The new study by Dr. Edward Giovannucci and colleagues covered 454 health professionals between the ages of 40 and 75, all of whom had had a nonfatal heart attack or succumbed to heart disease. Another 900 men without any history of heart trouble were also covered as controls. The researchers gathered blood samples from all subjects to measure their vitamin D levels and then followed them for a period of 10 years.

When the researchers compared men who had vitamin D deficiency – levels no more than 15 nanograms per millilitre of blood to those men who fell in the lower end of the normal range of at least 30 nanograms per millilitre of blood, they found that the former had 2.5 times higher the risk of having a heart attack compared to the latter.

“Those with low vitamin D, on top of just being at higher risk for heart attack in general, were at particularly high risk to have a fatal heart attack,” Dr. Giovannucci said. The findings are in line with another study conducted at Harvard Medical School in January that found that people with low levels of vitamin D are at higher risk of heart attack, heart failure and stroke.

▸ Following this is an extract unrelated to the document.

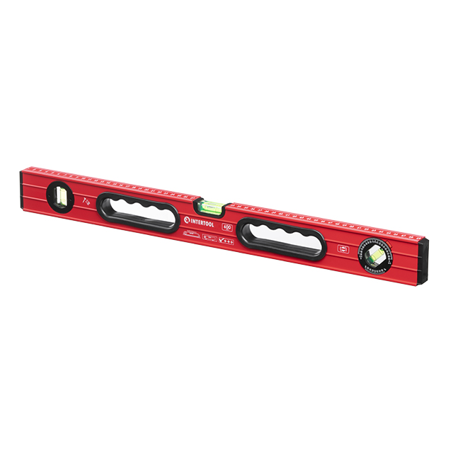 Рівень дуже легкий, не обтяжує руки, ним зручно працювати тривалий час. Зверху рівня нанесена метрична лінійка для зручної роботи. У моделях довжиною від 600 до 2000 мм передбачені два ергономічні отвори для захвату руками, що збільшує комфорт у роботі, особливо у важкодоступних місцях.

Based on the combined evidence provided by the two studies, Dr. Giovannucci urged people to understand the value of vitamin D and maintain normal levels. He advised people to get their doctor to administer a blood test for checking their vitamin D levels. In his opinion, people with low levels of vitamin D should start taking supplements to boost the same.

“Many people have low vitamin levels,” Dr. Giovannucci said. “Traditionally, physicians have only been concerned about the bone effects. But perhaps having these chronically low levels of vitamin D may be having these subtle physiological changes in a lot of tissues,” he added.

Elaborating on their study published in the Archives of Internal Medicine and the process through which vitamin D protects the heart, Dr. Giovannucci said that there could be multiple ways. According to him, it might lower blood pressure, regulate inflammation, reduce calcification of coronary arteries, affect the heart muscle or reduce respiratory infections in winter.